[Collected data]
-----

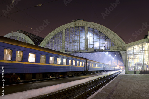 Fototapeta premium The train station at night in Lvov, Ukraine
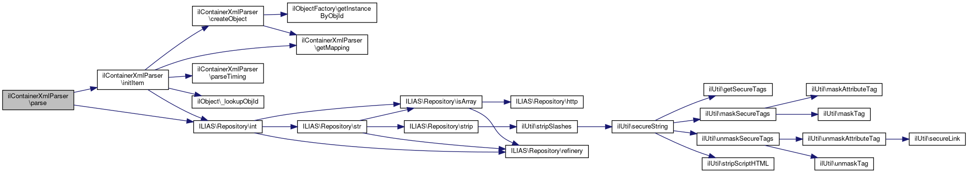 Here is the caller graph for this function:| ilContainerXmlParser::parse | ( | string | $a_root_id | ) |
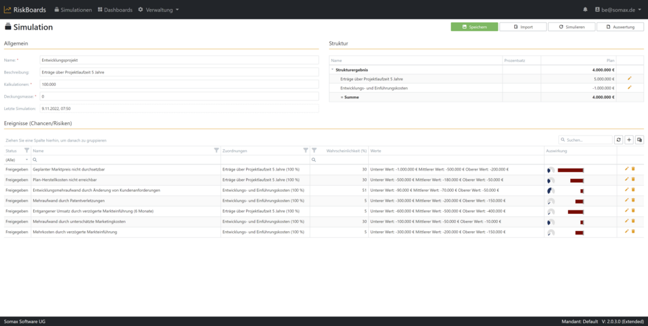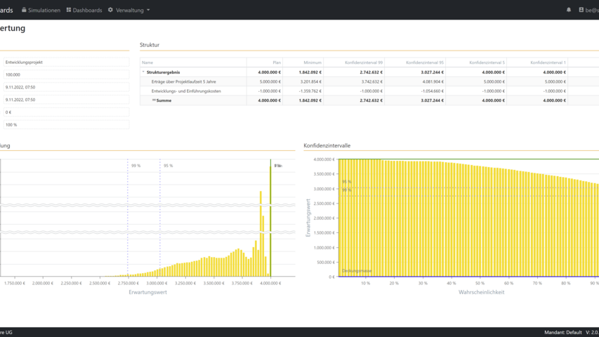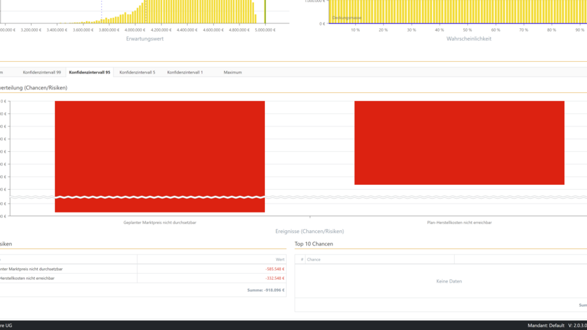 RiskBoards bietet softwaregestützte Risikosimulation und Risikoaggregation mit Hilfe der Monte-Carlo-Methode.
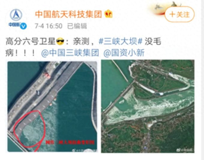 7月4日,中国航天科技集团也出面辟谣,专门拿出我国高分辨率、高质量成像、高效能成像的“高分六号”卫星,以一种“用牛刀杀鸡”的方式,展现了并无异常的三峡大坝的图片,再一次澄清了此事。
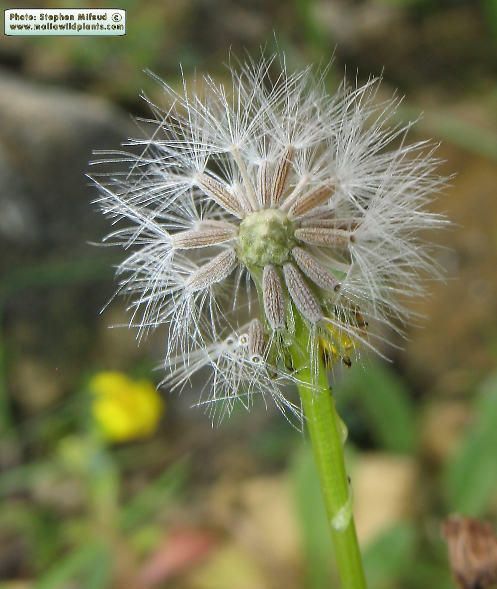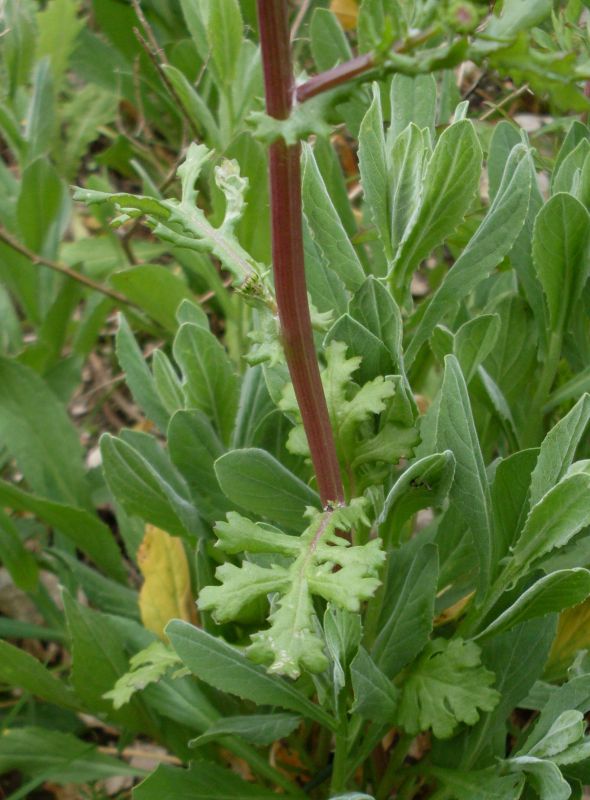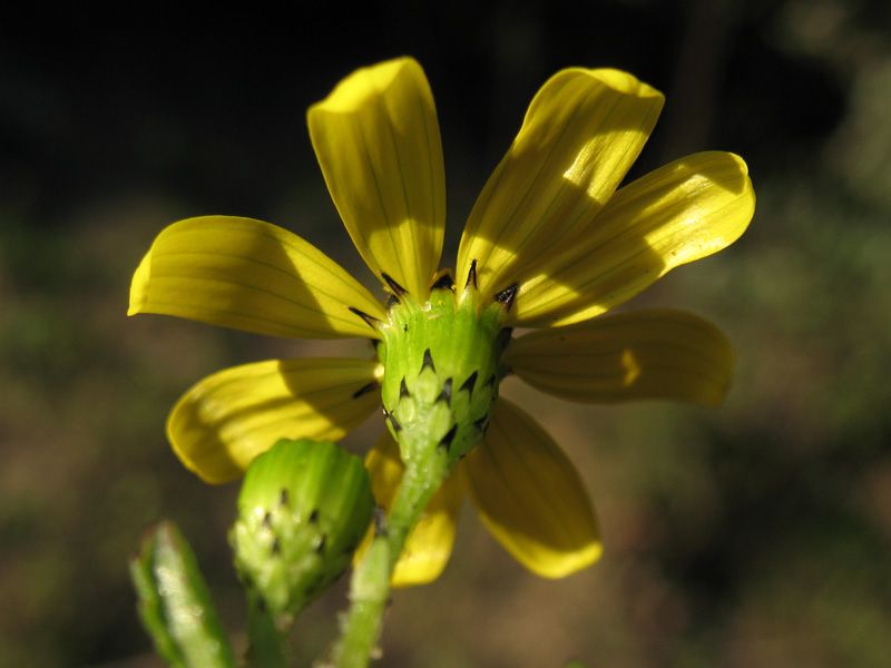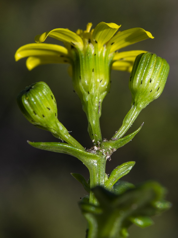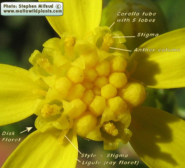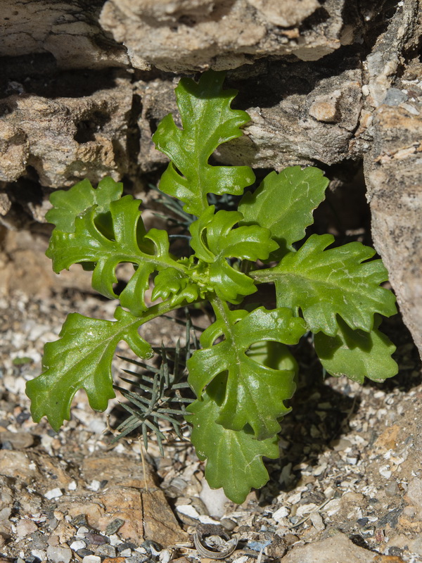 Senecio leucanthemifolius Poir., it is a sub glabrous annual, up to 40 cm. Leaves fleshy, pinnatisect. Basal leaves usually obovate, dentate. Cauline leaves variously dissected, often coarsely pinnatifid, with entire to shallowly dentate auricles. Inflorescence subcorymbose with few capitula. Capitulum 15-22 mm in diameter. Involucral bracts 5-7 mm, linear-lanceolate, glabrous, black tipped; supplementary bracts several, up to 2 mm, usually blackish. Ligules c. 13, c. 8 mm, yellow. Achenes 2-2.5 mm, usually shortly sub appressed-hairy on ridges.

-----

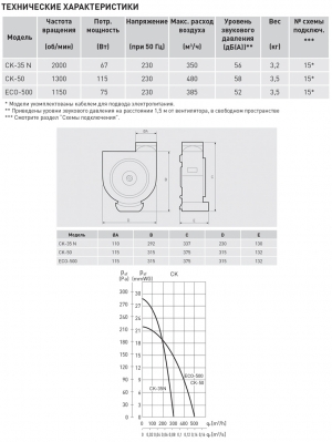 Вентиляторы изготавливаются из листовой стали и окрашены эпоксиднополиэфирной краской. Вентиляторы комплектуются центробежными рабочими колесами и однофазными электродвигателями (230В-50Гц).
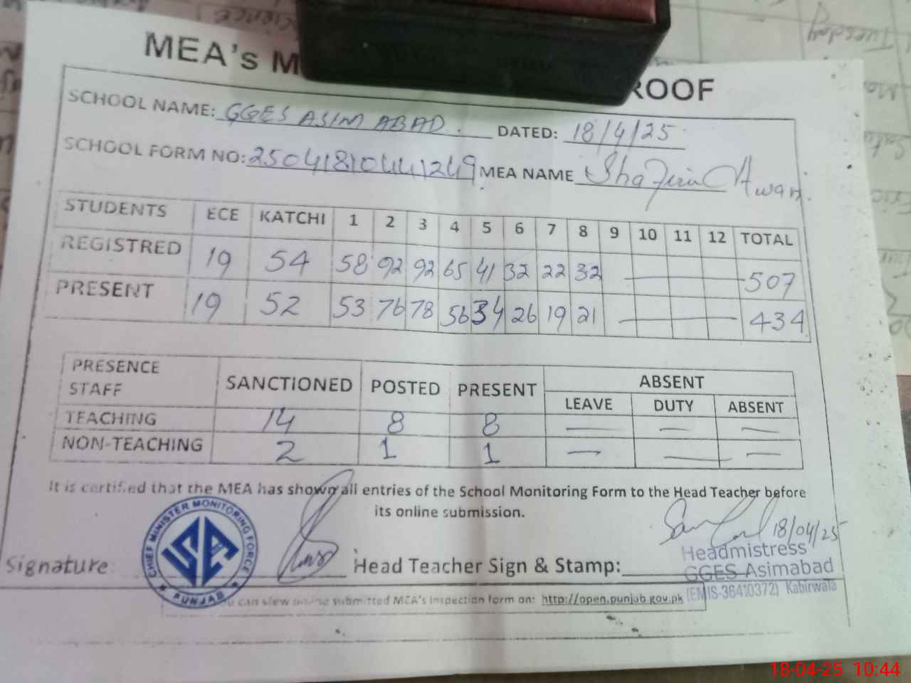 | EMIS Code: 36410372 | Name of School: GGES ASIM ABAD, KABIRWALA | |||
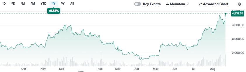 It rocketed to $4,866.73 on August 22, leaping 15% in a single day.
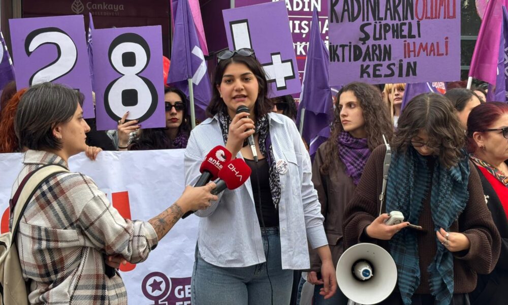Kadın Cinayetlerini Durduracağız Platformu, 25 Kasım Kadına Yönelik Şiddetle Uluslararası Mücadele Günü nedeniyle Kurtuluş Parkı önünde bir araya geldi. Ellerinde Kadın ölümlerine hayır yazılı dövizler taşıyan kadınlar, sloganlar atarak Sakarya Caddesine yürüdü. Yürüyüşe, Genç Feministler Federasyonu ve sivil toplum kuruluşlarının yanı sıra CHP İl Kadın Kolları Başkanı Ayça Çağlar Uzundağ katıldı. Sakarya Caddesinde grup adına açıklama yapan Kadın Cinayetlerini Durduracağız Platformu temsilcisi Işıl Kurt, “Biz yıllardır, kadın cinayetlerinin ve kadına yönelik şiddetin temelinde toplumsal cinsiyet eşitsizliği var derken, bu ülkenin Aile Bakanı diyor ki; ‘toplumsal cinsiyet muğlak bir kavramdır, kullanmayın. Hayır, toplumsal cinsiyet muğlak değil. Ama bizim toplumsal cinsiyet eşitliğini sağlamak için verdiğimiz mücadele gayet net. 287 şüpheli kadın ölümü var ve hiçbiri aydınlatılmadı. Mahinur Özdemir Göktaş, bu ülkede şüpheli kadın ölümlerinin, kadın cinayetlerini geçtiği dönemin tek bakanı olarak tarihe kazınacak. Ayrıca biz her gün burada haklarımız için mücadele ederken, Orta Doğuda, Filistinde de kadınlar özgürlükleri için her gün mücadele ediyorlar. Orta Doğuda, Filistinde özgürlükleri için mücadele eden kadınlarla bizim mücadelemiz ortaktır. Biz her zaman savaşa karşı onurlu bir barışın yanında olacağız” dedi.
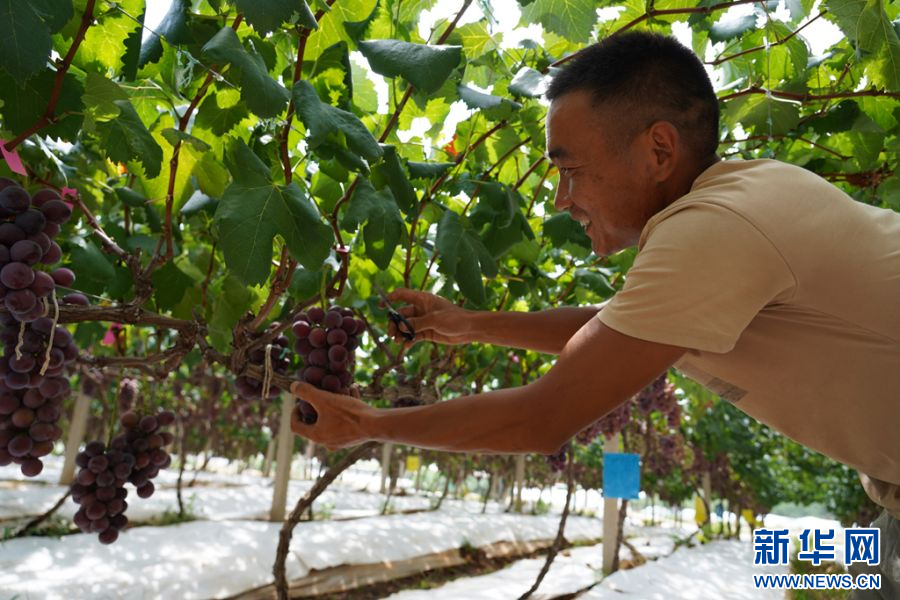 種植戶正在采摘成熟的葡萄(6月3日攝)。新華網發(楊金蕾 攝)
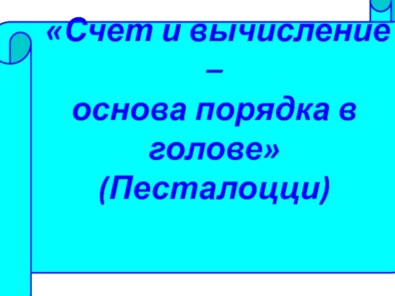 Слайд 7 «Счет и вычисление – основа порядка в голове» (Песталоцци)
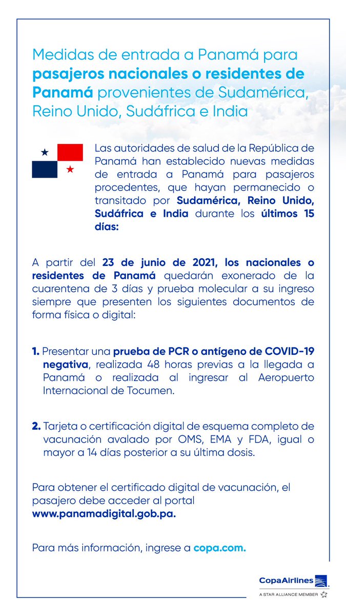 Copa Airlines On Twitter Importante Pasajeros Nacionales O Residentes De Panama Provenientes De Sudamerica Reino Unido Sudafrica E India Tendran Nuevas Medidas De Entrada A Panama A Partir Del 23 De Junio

-----

◆ Your instructions:
Give again, exactly as written above, each line from the one that has "Fototapeta premium The" to the one that has "7月4日,中国航天科技集团也", both included; omit the pictures.

◆ Response below:
 Fototapeta premium The train station at night in Lvov, Ukraine
 Here is the caller graph for this function:| ilContainerXmlParser::parse | ( | string | $a_root_id | ) |
 RiskBoards bietet softwaregestützte Risikosimulation und Risikoaggregation mit Hilfe der Monte-Carlo-Methode.
 7月4日,中国航天科技集团也出面辟谣,专门拿出我国高分辨率、高质量成像、高效能成像的“高分六号”卫星,以一种“用牛刀杀鸡”的方式,展现了并无异常的三峡大坝的图片,再一次澄清了此事。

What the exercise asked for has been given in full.